DNA-encoded libraries (DEL) are collections of peptides or small molecules attached to DNA tags. In a typical application, libraries are mixed with a protein of interest, non-binders are washed away and those that remain are identified by using PCR to amplify the DNA tags. Two years ago we highlighted an article in which previously identified fragments were merged with molecules identified from DEL. However, because fragments typically have low affinities, screening fragments directly by DEL would seem to be difficult. In a new open-access RSC Medicinal Chemistry paper, Rod Hubbard and collaborators at Vernalis and HitGen describe how to do so. (Rod presented some of this work in April at the CHI DDC meeting.)
To identify weak binders, the researchers turned to photoactivatable fragments that – in the presence of UV light – would bind irreversibly to a nearby protein. Specifically, they used the diazirine tag, which has proven useful in both cell-based screening as well as screens of isolated proteins. Here, the researchers generated two libraries of fragments bound to DNA, with each library member also containing a diazirine tag. The libraries were built using different chemistries and consisted of 15,804 and 23,905 members, small by DEL standards (which often range in the millions) but large by fragment standards.
The PAC-FragmentDEL libraries were incubated against two proteins: the kinase PAK4 and the bacterial enzyme 2-epimerase. Each protein was incubated with both libraries for one hour at room temperature and then treated with ultraviolet light for 10 minutes on ice. Next, the proteins were captured on an affinity resin and washed extensively under denaturing conditions to remove any non-covalently bound library members. Finally, the DNA was amplified by PCR and quantified; any library members that bind to the protein stand out over background.
Of course, there is plenty of opportunity for non-specific binding, so the researchers incorporated several controls, such as omitting the UV-crosslinking step or protein. Moreover, they repeated the experiment in the presence of known high-affinity binders and looked for fragments that were competed.
In the case of PAK4, the researchers identified 301 fragments that could be competed. Eleven of these were further examined (without the DNA tags), all of which demonstrated binding by ligand-observed NMR, and ten of them yielded crystal structures bound to the protein. The examples shown in the paper occupy the hinge-binding site, which the researchers acknowledge is a low bar for fragment screens.
The second target, 2-epimerase, has a more challenging active site, and indeed the hit rate was lower: just 21 competitive fragments were found. But all 9 of those selected for further testing confirmed by ligand-observed NMR, and 5 of them yielded crystal structures.

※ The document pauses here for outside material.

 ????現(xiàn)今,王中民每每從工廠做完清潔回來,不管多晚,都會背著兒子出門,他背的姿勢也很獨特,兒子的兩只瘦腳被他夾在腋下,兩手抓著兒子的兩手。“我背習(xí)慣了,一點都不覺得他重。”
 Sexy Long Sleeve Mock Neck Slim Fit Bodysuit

This paper demonstrates that DEL can be used to identify fragment hits with a fairly low false-positive rate. But do we need yet another fragment-finding method? The researchers point out that PAC-FragmentDEL is fast, with screening and sequencing analysis taking just a few weeks. This also means that fragment libraries can be much larger than for most techniques. Protein requirements are also modest, at around 250 pmol (12.5 mg for a 50 kD protein). They also note that – because of the DNA tag – less intrinsically soluble fragments can be screened, increasing chemical diversity, though one might counter that this could lead to problems down the road.

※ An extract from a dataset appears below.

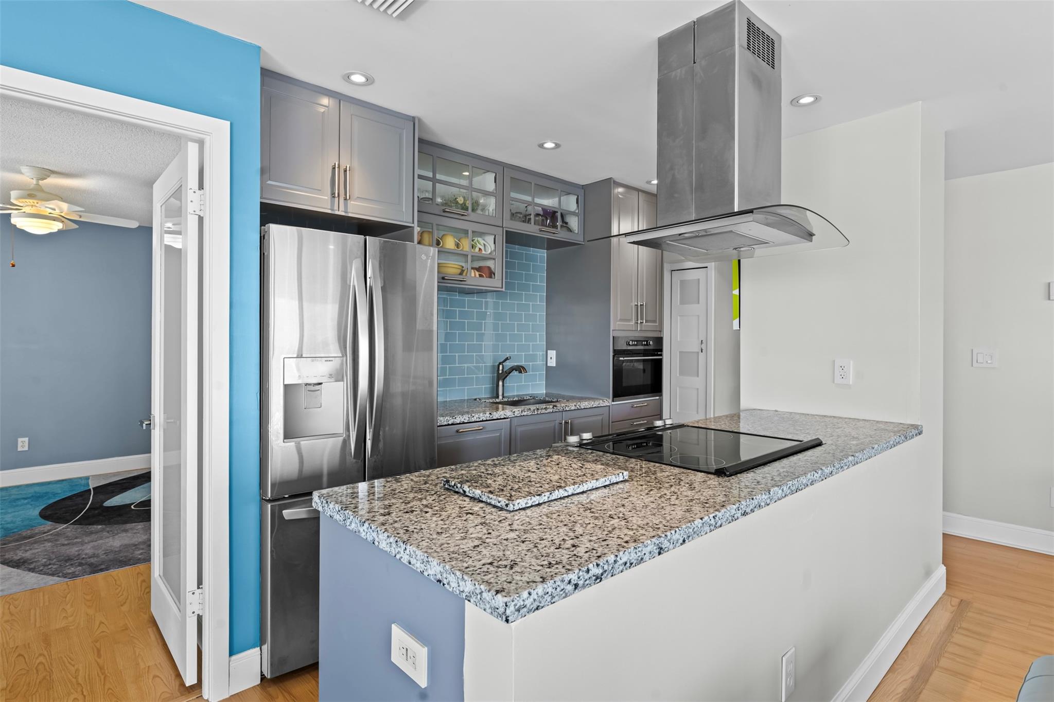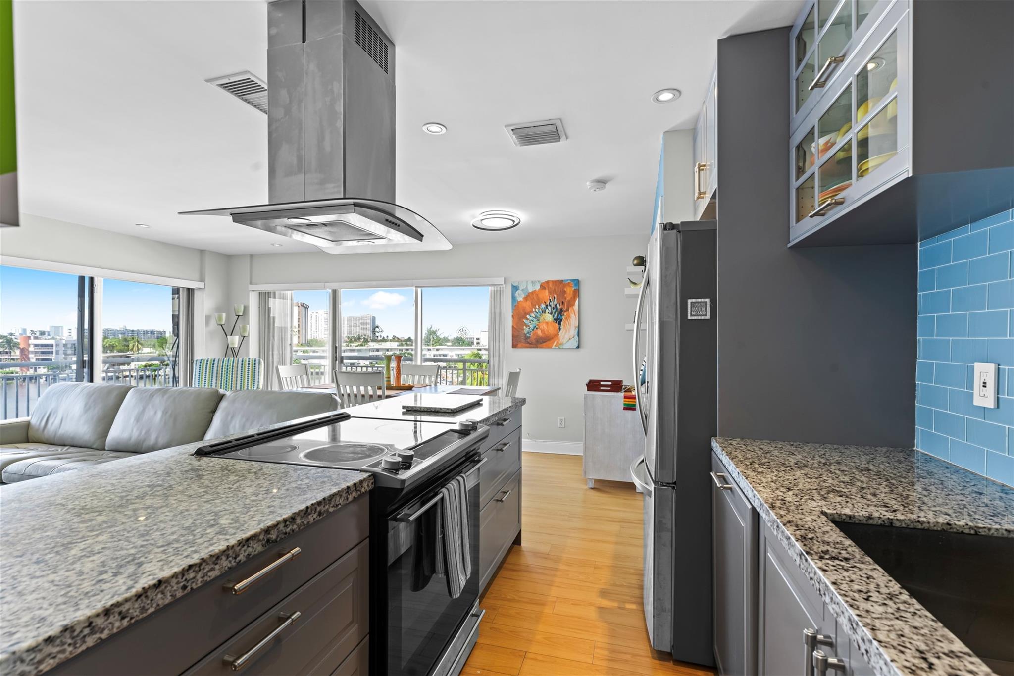 Enjoy peaceful mornings with panoramic views of Golden Isles Lake from your oversized wraparound balcony. This updated 2BD/2BA Hallandale Beach condo features an upgraded kitchen, modern flooring, and a remodeled primary bath. Water views from the living, dining, and bedroom create a serene retreat. The building offers a pool, community room, marina access (manageable waitlist), and laundry shared by just 4 units per floor. Newer roof, maintained A/C, and extra storage add value. Walk to the beach, Publix, shops, and dining. No rentals or pets allowed—offering true privacy, a peaceful community feel, and the chance to enjoy your home without the noise or constant turnover of vacation traffic.

On the downside, it is not clear whether affinity information can be obtained from the primary screen. Also, the need for a competitive tool molecule could limit choice of targets, as some of the most interesting targets lack any chemical probes. Still, as the researchers note, the competitor could be a peptide or protein, and in a pinch the site of interest could be mutated.
In summary, this looks to be an interesting approach, and I look forward to seeing more applications.